I am reading a paper of Irizarry 2003 'Exploration, normalization, and summaries of high density oligonucleotide array probe level data' and I am confused about the dataset /number of arrays he used.

*The varying concentration series data set, B1*

For an individual array, all of the 11 control cRNAs were spiked-in at the same concentration and this concentration was varied across arrays, taking the values 0.0, 0.5, 0.75, 1, 1.5, 2, 3, 5, 12.5, 25, 50, and 150 pM. For example, array 1 had all control cRNAs spiked with 0.0 pM and array 2 had all control cRNAs spiked with 0.5 pM, etc. Of these 12 concentrations, 0, 0.5, 0.75, 1, 1.5, 2, 3 were represented on just one array, 5 and 100 on two arrays, and the rest were in triplicate, i.e. on three arrays for a total of 27 arrays.

So, where does the concentration of 100 come from (with 100 it would be 13 concentrations) ? If it was a mistake and he ment 150 insetad of 100 , then we have 7 arrays with unique concetration (0, 0.5, 0.75, 1, 1.5, 2, 3), 4 array in total (2 for 5 pM and 2 for 100) and then for the rest 3 concentrations (we used 9 already, so 12-9=3) we have 9 chips in total. This gives us 7+4+9 = 20 arrays. Where is my mistake ? I do not get how he comes to 27 arrays.

*Latin square series data set, B2*

In this series each of the 11 control cRNAs were spiked-in at adifferent concentration on each array (apart from replicates). So, for one chip I have exactly one control cRNA with all concentrations. Is it right?

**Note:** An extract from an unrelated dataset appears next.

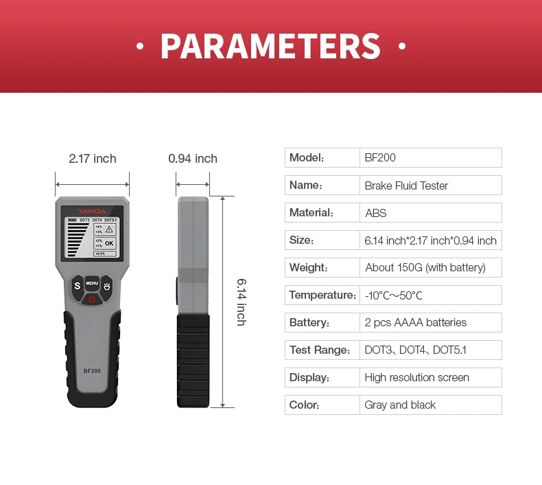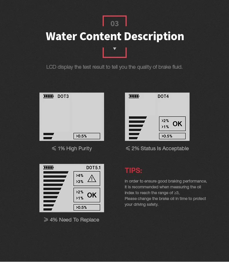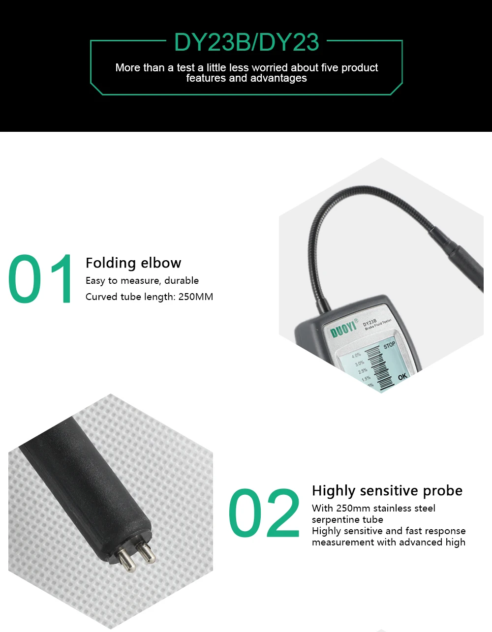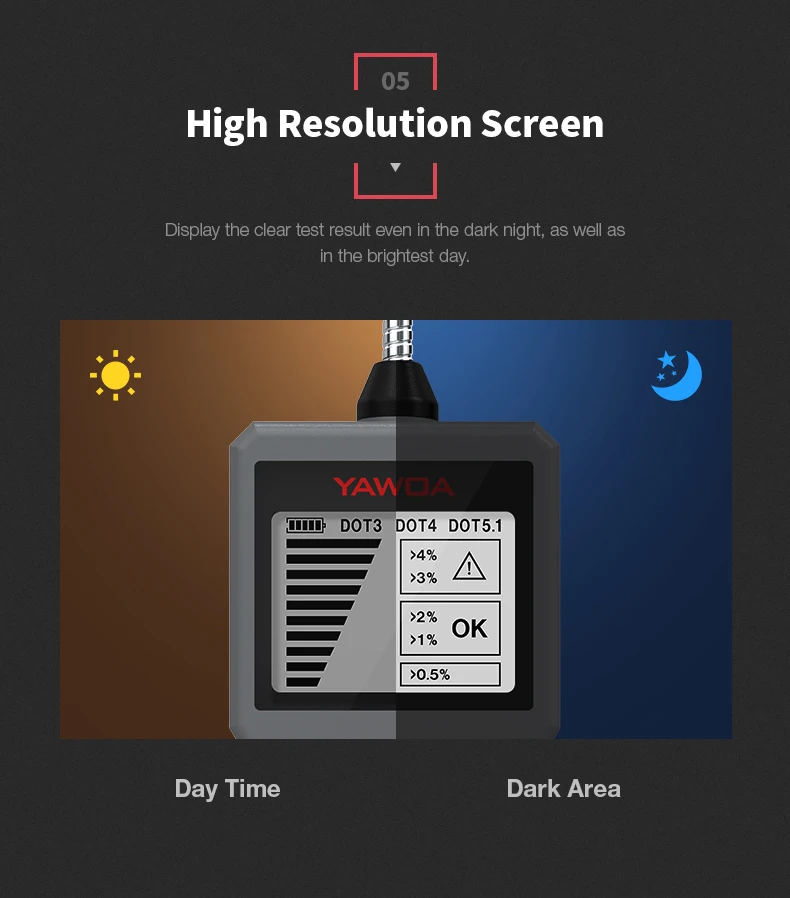 Тормозное давление было передано тормозной жидкостью, передача давления будет отключена после того, как Тормозная жидкость, включая слишком много воды. Для безопасного вождения необходимо регулярно тестировать шкалу соотношения воды в тормозной жидкости. Тестер тормозной жидкости помогает нам выполнять текущее техническое обслуживание, убедитесь, что мы движемся в безопасном состоянии.

The 12 concentrations used were 0.5, 1, 1.5, 2, 3, 5, 12.5, 25, 37.5, 50, 75, and 100 pM, and these were arranged in a 12 × 12 cyclic Latin square, with each concentration appearing once in each row and column. The 12 combinations of concentrations used on the arrays were taken from the first 11 entries of the 12 rows of this Latin square. Of the 12 combinations used, 11 were done on three arrays and one on just one array.

So, first chip gets one combination of concentrations of only one control cRNA ex. 1, 1.5, 0.5,2,3,25,5,12.5,37.5,50,75,100 and another chip gets another combination of the concentrations of the same control cRNA. It is right? In the paper of Bolstad 'A comparison of normalization methods.." he refers to this dataset writing:

The spike-in data series consists of 98 array. 27 arrays are a dilution series.

So, 98-27 = 71 arrays come from Latin square series data set, B2. But how do I get exactly this number?

Thanks a lot.

Have you considered asking the authors? Rafael is usually quite approachable (as is Ben).